# [LIVECD] Nouveau LiveCD e17 multimédia

## bouleetbil

Bonjour,

Je viens de créer un nouveau LiveCD.

Ce LiveCD a été créé afin de prouver que GNU/Linux et donc ici Gentoo peut être utilisé en tant que plateforme multimédia. Que se soit pour du développement ou en tant qu'utilisateur.

Partant du constat que les applications multimédia demande beaucoup de ressources, j'ai cherché un environnement peu gourmand mais facile d'utilisation. C'est pourquoi j'ai opté pour e17 (www.enlightenment.org). Bien que celui-ci soit toujours en cours de développement il peut tout de même être utilisé   :Wink: 

E17 étant peu utilisé j'ai donc décidé d'y ajouter toute la gamme multimédia peu connu et conçu pour E17 comme envision, eclips, extractk etc...

Xine, mplayer et bmpx sont fournis aussi.

Pour la navigation firefox est disponible car pour le moment c'est tout de même l'un des navigateurs les plus performants. Si vous voulez dialoguer avec vos amis eim est disponible, il est conçu grâce aux librairies de E17 et est toujours en cours de développement.

Pour la création, il n'existe pas encore d'équivalent à ma connaissance. Donc, sur ce LiveCD est à disposition blender, gimp, cinelerra en version cvs (concurrent à kino) et synfig-studio pour la création d'animation 2D qui peut être comparé à macromédia FlashMX.

Pour télécharger le LiveCD, et voir la capture du bureau, rendez-vous ici ==> http://www.frogdev.info/frog_e17.php

Après avoir utilisé de LiveCd, j'espère tout d'abord avoir prouvé que GNU/Linux peut être utilisé dans un cadre multimédia et j'espère que vous aurez apprécié E17 comme je l'apprécie.

Pour information :

Ce LiveCD est en arch ~x86 donc dispose des dernières versions de chaque logiciels. Celles-ci ne sont pas toujours considérées comme stable, bien que je n'aie pour le moment rencontré aucun problème.

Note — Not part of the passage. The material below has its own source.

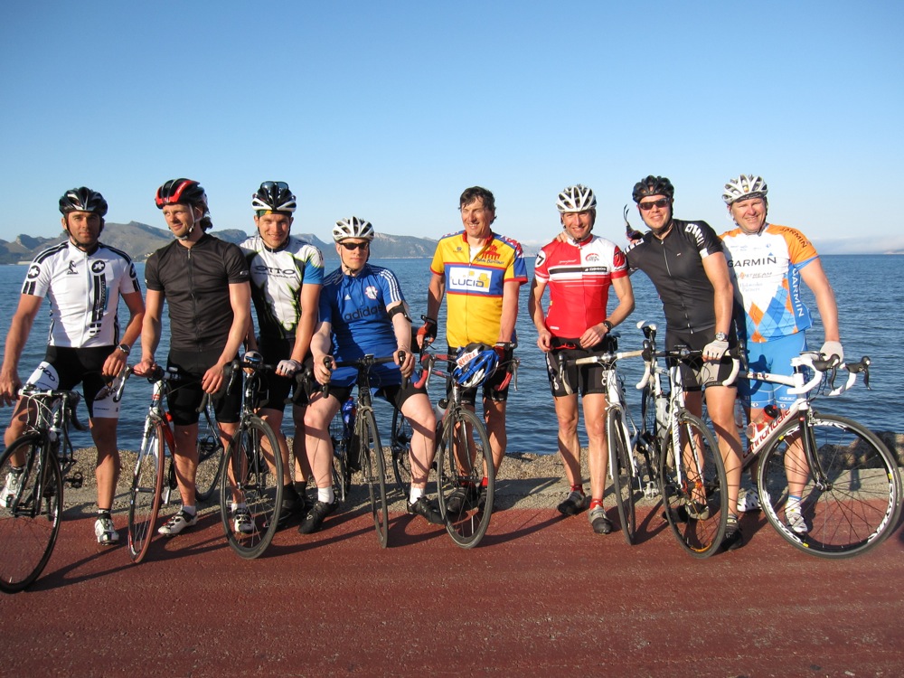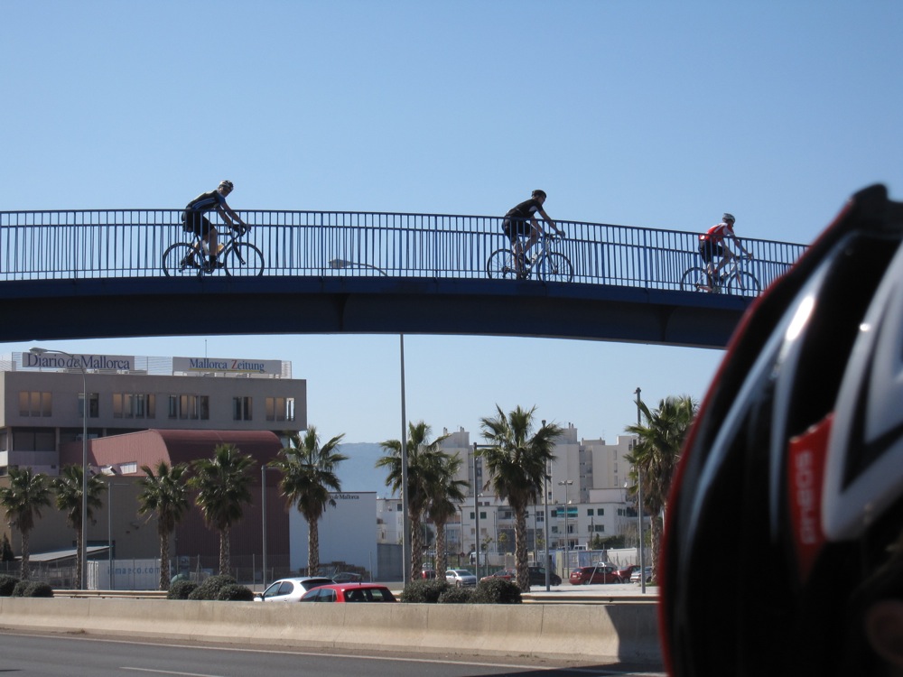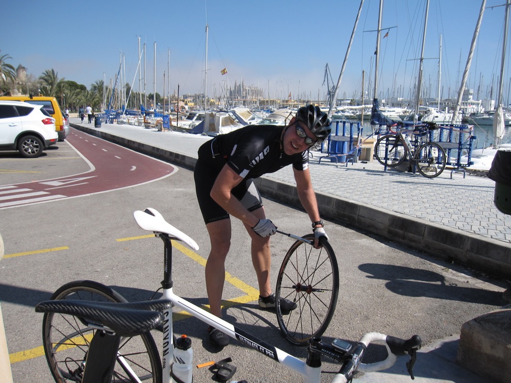 Raus ging es heute über eine relativ unbekannte Nebenstraße ins bekannte Schilf. Nach dem Passieren von Sa Pobla wurde der Muro-Radweg angesteuert und Fahrt aufgenommen. Schon nach 90 Minuten Dahingleiten passierten wir Santa Maria. Nun wurde das Terrain ein wenig steiler und wir bekamen schon mal einen schönen Vorgeschmack auf die morgige Etappe. Ein netter 7 km langer Anstieg lag vor uns, bevor es wieder auf einer flinken Abfahrt hinunter nach Palma ging. Nach einem Boxenstop bei Eroski zum Flaschen füllen wurde das Café im Jachthafen angesteuert. Café con Leche und Rüblikuchen wurden bestellt und mein Ei-Brötchen im Hafenbecken versenkt. Der Geschmack hatte sich in der Trikottasche trotz Zip-Lock leider nicht verbessert.

Il a reçu les mêmes modifications que le liveCD frogdev qui lui est en arch x86.

Il est possible d'installer et de configurer ce LiveCD grâce au script : frogdev.sh

Le support unionfs est disponible dès l'init. La partition / est "unionée"

Changelog :

 *Quote:*   

> 
> 
> 08/06/2007
> 
> .Support de nouvelles cartes (marvel,sky2...)
> ...

 

----------

## titoucha

Je suis en plein téléchargement et je suis vraiment curieux de voire cd LiveCD et surtout E17.

Merci beaucoup.

----------

## gulivert

Ho je m'en vais voir ce LiveCD tout de suite.

Merci pour l'utilisation de mon theme   :Embarassed: 

----------

## bouleetbil

 *gulivert wrote:*   

> Ho je m'en vais voir ce LiveCD tout de suite.
> 
> Merci pour l'utilisation de mon theme  

 

De rien, il est excellent   :Laughing: 

----------

## pilou254

Bonjour,

je viens de lancer le téléchargement, d'avance, toutes mes félicitations, l'éffort est plus que louable et la démarche tres intéressante, je ne manquerai pas de t'informer de mes impressions.

salut.

----------

## onvice

 *pilou254 wrote:*   

> Bonjour,
> 
> je viens de lancer le téléchargement, d'avance, toutes mes félicitations, l'éffort est plus que louable et la démarche tres intéressante, je ne manquerai pas de t'informer de mes impressions.
> 
> salut.

 

Merci beaucoup pour ce travail.

Si j'avais su avant je ne me serais pas embeter autant pour mes tentatives d'installations de E17. (attention je suis un gros noob qui n'arrive pas pour l'instant a faire fonctionner Xorg).   :Wink: 

----------

## bouleetbil

 *onvice wrote:*   

> 
> 
> (attention je suis un gros noob qui n'arrive pas pour l'instant a faire fonctionner Xorg).  

 

Il faut bien commencer   :Laughing: 

----------

## -KuRGaN-

Et bien moi je vais commencer le download car je n'ai jamais utiliser e17 comme ça, je verrai ce que ça donne.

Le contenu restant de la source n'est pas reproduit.